If you aren't artistic, there are a number of tricks you can employ to make subsequent frames look like you want including copying the desired picture on top of the copy of your first frame. E.g. if you wanted to morph a circle with 50 points into a square, copy that circle to the second frame, then draw a square (or copy one from another frame and paste it on top of the copied circle in frame 2. Then drag the circle's points out on top of the square that you just pasted in (or drew manually). When everything is lined up, delete all points after the first 50 using the Active Point Editor or manually selecting them and hitting delete.
Another approach is to use bitmaps sitting in the background of PicEdit (which comes with the Basic and Pro versions) and manually dragging a copy of your points from the first frame into the desired shape of the second frame. The trick is to make sure you have a more than adequate point count in the first frame to accommodate the second, third, etc. frames that you want to morph into.

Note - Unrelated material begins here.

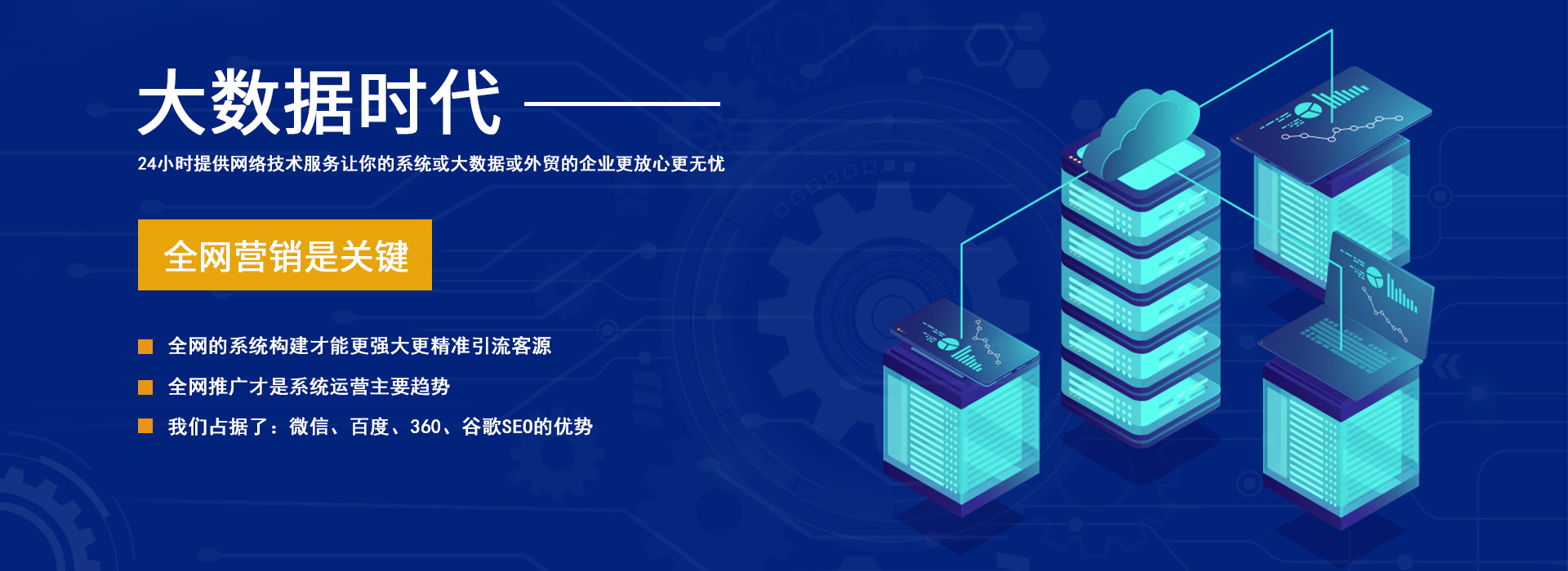 服務(wù)特色:24小時(shí)提供網(wǎng)絡(luò)技術(shù)支持,讓你的系統(tǒng)或大數(shù)據(jù)或外貿(mào)的企業(yè)更放心更無(wú)憂(yōu)。

All of this said, this approach isn't how Swamidog or other 'abstractionists' typically morph between shapes in a show. Even after years of in depth show creation, there isn't a single one of us that knows everything about LSX. This will sound cumbersome, but if you haven't already, I would suggest reading the entire LSX manual and associated PicEdit manuals that came with the program from beginning to end . . two or three times. I would also read the LSX Living Manual, watching all of CMB's LSX tutorials and the LSX tutorials recorded at SELEM which are available on my Youtube site such as this one. This thread is also great reading although very long. Oh, and have fun playing!